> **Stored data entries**
- Opening Delimiter -

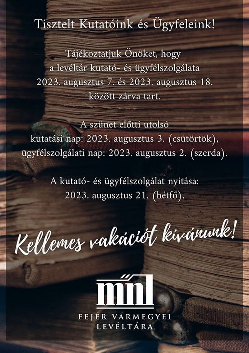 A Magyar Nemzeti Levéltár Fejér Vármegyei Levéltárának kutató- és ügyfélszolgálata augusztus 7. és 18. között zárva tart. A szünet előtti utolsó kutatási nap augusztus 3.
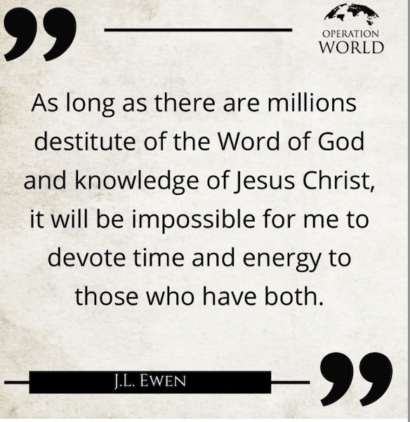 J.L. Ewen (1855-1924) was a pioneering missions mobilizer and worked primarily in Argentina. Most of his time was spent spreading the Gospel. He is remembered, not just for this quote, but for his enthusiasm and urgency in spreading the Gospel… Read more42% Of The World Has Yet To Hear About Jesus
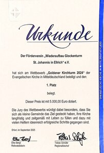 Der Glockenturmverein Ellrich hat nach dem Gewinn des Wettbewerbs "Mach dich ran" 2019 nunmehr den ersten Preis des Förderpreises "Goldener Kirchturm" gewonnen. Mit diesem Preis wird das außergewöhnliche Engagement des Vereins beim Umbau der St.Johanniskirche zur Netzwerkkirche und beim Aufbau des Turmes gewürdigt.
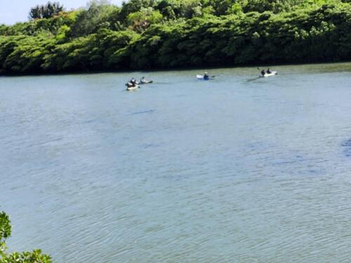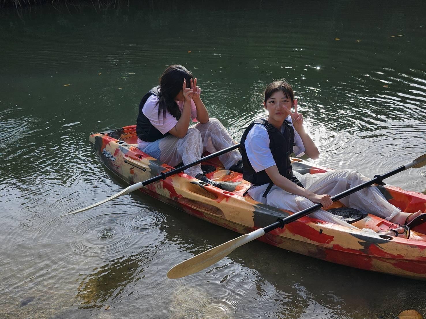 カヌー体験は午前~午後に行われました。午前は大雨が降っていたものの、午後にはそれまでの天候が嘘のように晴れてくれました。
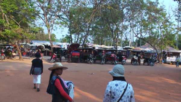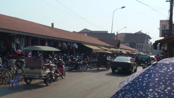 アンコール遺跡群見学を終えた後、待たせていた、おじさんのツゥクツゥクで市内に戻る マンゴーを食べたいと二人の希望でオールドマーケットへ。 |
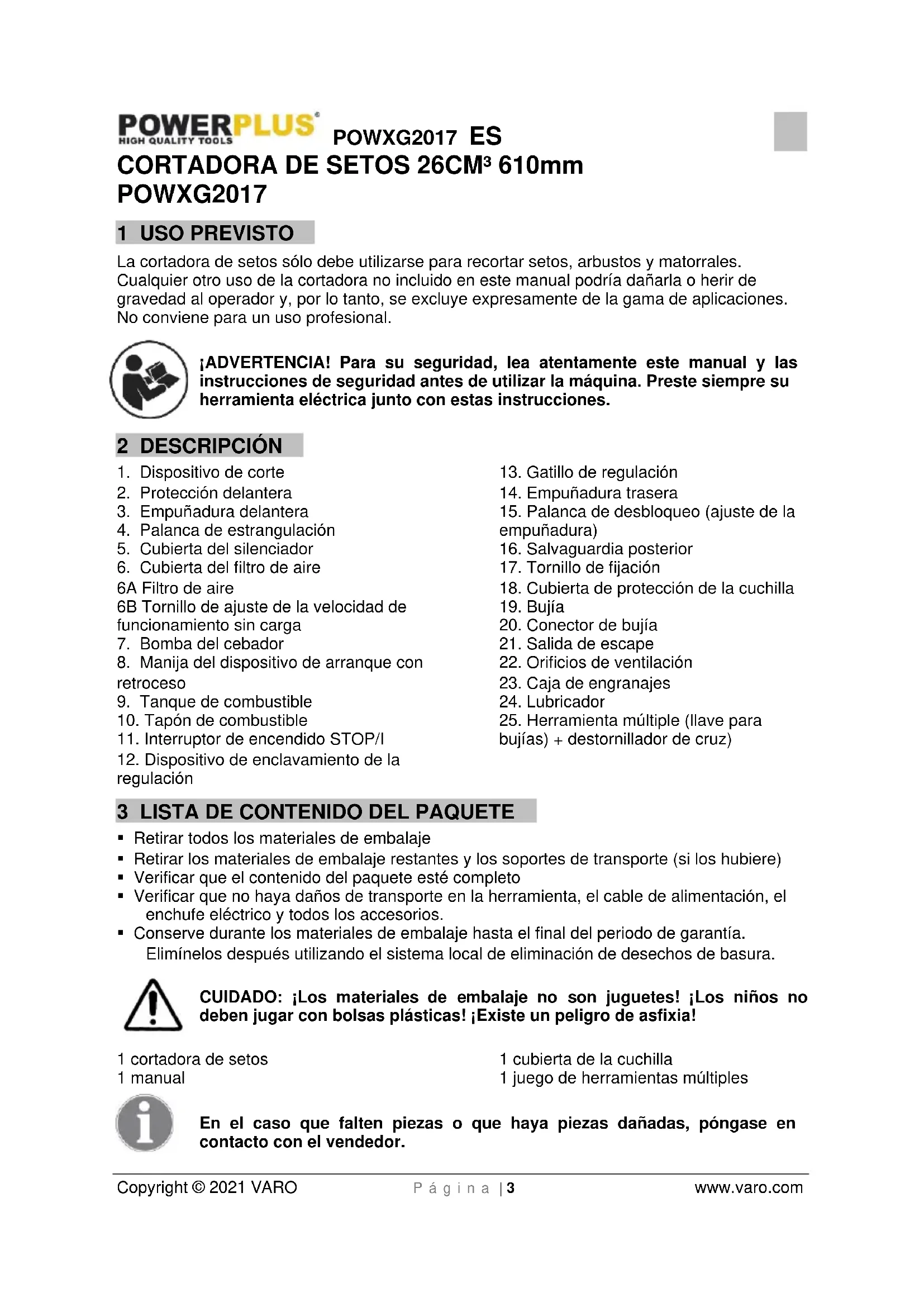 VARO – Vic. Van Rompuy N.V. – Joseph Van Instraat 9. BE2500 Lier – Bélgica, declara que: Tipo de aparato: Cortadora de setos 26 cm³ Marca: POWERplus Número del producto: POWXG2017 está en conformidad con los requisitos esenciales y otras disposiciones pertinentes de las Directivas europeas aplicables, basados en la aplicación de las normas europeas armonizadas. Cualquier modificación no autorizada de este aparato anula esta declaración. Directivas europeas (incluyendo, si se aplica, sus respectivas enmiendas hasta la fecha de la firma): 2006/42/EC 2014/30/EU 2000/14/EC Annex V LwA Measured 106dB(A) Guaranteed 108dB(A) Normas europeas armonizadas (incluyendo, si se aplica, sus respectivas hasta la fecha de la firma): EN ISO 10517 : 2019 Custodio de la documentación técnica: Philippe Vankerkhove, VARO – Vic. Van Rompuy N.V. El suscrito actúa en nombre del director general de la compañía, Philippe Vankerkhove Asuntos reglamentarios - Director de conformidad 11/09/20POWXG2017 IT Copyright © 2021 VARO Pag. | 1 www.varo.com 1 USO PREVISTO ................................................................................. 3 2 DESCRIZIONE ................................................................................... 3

- Closing Delimiter -

> **Problem statement**
Output the records above character for character, but leave each image out.

> **Solution below**
 A Magyar Nemzeti Levéltár Fejér Vármegyei Levéltárának kutató- és ügyfélszolgálata augusztus 7. és 18. között zárva tart. A szünet előtti utolsó kutatási nap augusztus 3.
 J.L. Ewen (1855-1924) was a pioneering missions mobilizer and worked primarily in Argentina. Most of his time was spent spreading the Gospel. He is remembered, not just for this quote, but for his enthusiasm and urgency in spreading the Gospel… Read more42% Of The World Has Yet To Hear About Jesus
 Der Glockenturmverein Ellrich hat nach dem Gewinn des Wettbewerbs "Mach dich ran" 2019 nunmehr den ersten Preis des Förderpreises "Goldener Kirchturm" gewonnen. Mit diesem Preis wird das außergewöhnliche Engagement des Vereins beim Umbau der St.Johanniskirche zur Netzwerkkirche und beim Aufbau des Turmes gewürdigt.
 カヌー体験は午前~午後に行われました。午前は大雨が降っていたものの、午後にはそれまでの天候が嘘のように晴れてくれました。
 アンコール遺跡群見学を終えた後、待たせていた、おじさんのツゥクツゥクで市内に戻る マンゴーを食べたいと二人の希望でオールドマーケットへ。 |
 VARO – Vic. Van Rompuy N.V. – Joseph Van Instraat 9. BE2500 Lier – Bélgica, declara que: Tipo de aparato: Cortadora de setos 26 cm³ Marca: POWERplus Número del producto: POWXG2017 está en conformidad con los requisitos esenciales y otras disposiciones pertinentes de las Directivas europeas aplicables, basados en la aplicación de las normas europeas armonizadas. Cualquier modificación no autorizada de este aparato anula esta declaración. Directivas europeas (incluyendo, si se aplica, sus respectivas enmiendas hasta la fecha de la firma): 2006/42/EC 2014/30/EU 2000/14/EC Annex V LwA Measured 106dB(A) Guaranteed 108dB(A) Normas europeas armonizadas (incluyendo, si se aplica, sus respectivas hasta la fecha de la firma): EN ISO 10517 : 2019 Custodio de la documentación técnica: Philippe Vankerkhove, VARO – Vic. Van Rompuy N.V. El suscrito actúa en nombre del director general de la compañía, Philippe Vankerkhove Asuntos reglamentarios - Director de conformidad 11/09/20POWXG2017 IT Copyright © 2021 VARO Pag. | 1 www.varo.com 1 USO PREVISTO ................................................................................. 3 2 DESCRIZIONE ................................................................................... 3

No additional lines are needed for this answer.